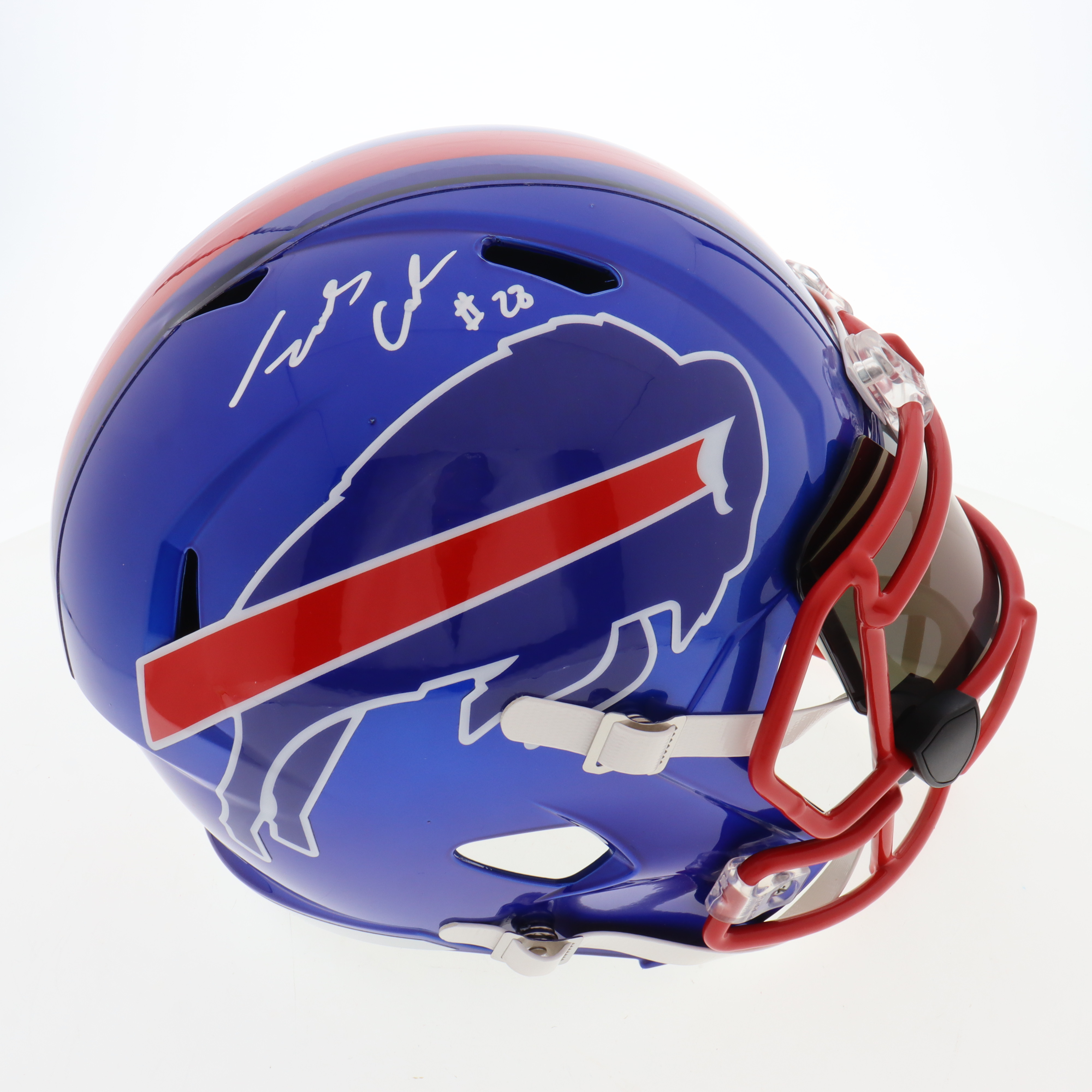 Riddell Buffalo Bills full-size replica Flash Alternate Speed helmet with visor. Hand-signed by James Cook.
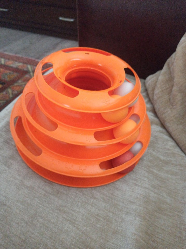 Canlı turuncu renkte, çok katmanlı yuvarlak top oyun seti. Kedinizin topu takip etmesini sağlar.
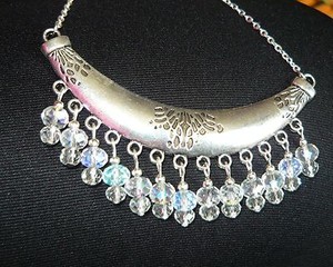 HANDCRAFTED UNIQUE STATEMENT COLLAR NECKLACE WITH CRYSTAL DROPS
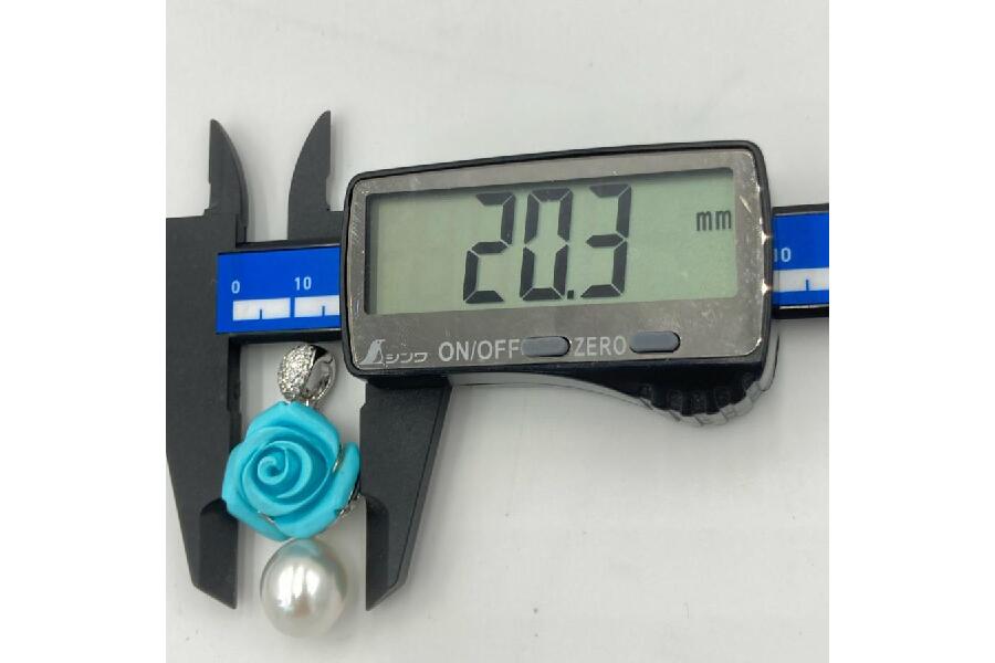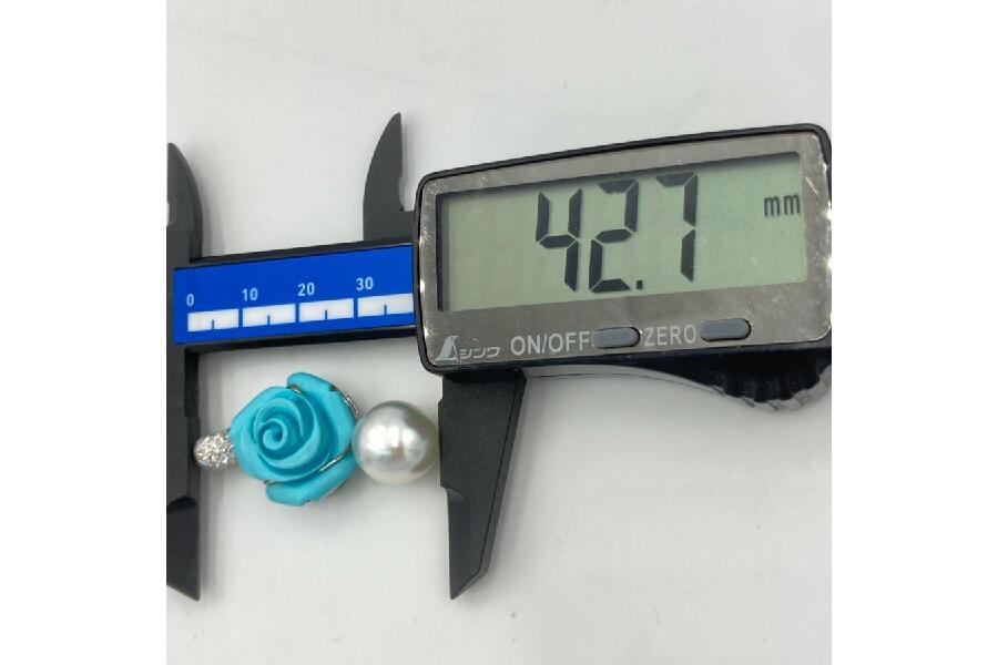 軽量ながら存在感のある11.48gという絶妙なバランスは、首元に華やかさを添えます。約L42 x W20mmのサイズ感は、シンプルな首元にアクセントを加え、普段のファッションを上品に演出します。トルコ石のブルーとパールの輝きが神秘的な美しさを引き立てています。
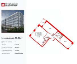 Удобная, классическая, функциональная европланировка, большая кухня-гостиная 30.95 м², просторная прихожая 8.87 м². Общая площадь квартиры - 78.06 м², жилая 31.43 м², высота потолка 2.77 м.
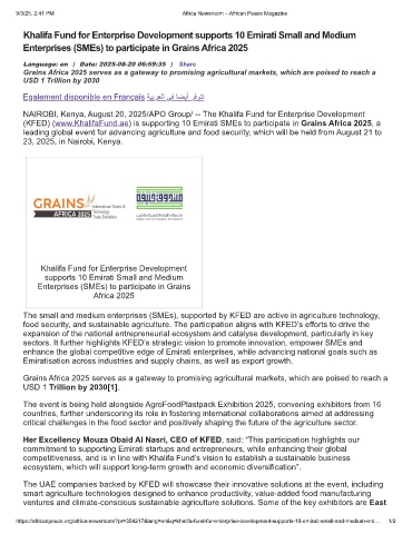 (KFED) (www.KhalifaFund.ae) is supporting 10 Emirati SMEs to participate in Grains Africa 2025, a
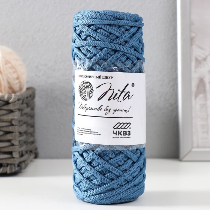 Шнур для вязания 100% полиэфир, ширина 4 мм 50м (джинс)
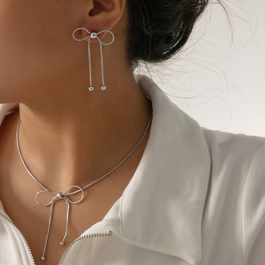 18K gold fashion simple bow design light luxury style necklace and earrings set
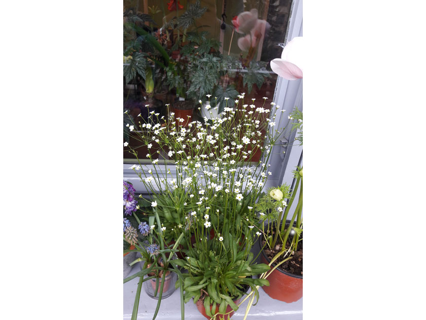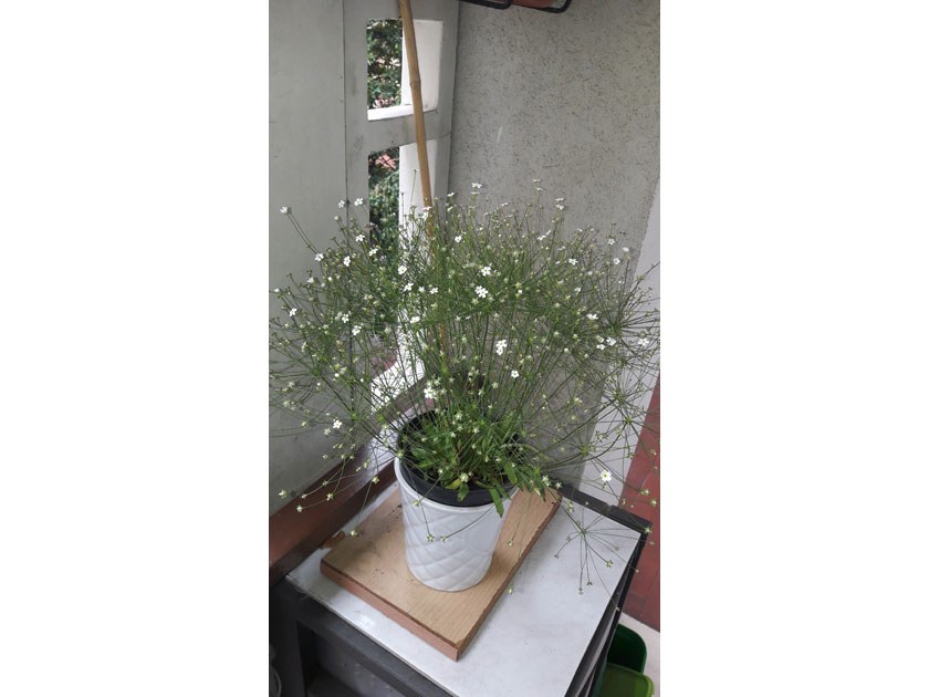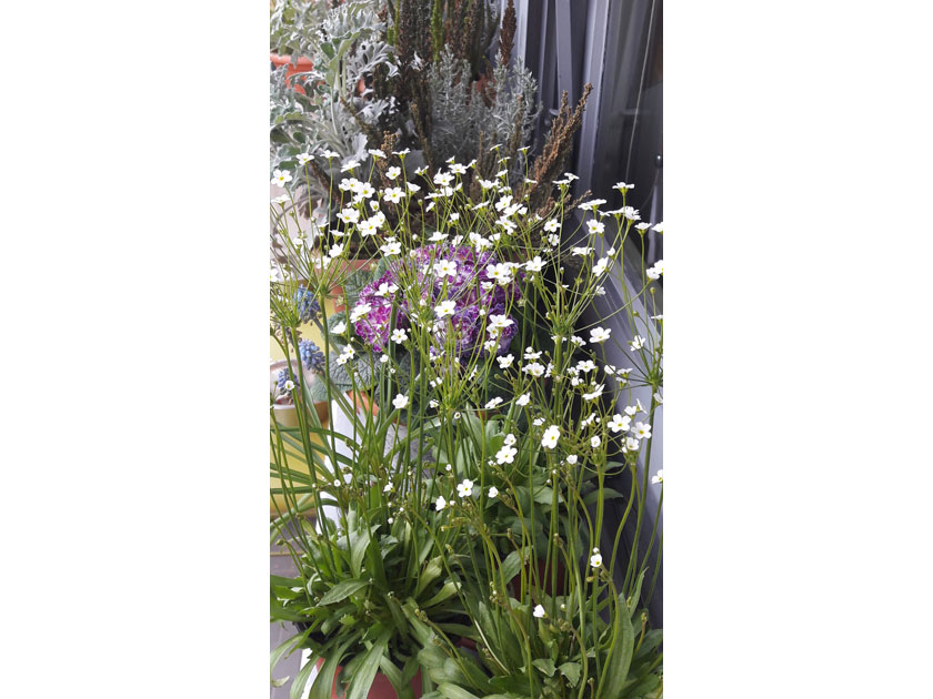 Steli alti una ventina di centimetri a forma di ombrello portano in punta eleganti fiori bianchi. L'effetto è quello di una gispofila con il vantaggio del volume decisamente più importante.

___

Problem details — Only the lines from the beginning of the records through the line bearing "HANDCRAFTED UNIQUE STATEMENT" belong in the answer, copied word for word with pictures left out.

Your response —
 Riddell Buffalo Bills full-size replica Flash Alternate Speed helmet with visor. Hand-signed by James Cook.
 Canlı turuncu renkte, çok katmanlı yuvarlak top oyun seti. Kedinizin topu takip etmesini sağlar.
 HANDCRAFTED UNIQUE STATEMENT COLLAR NECKLACE WITH CRYSTAL DROPS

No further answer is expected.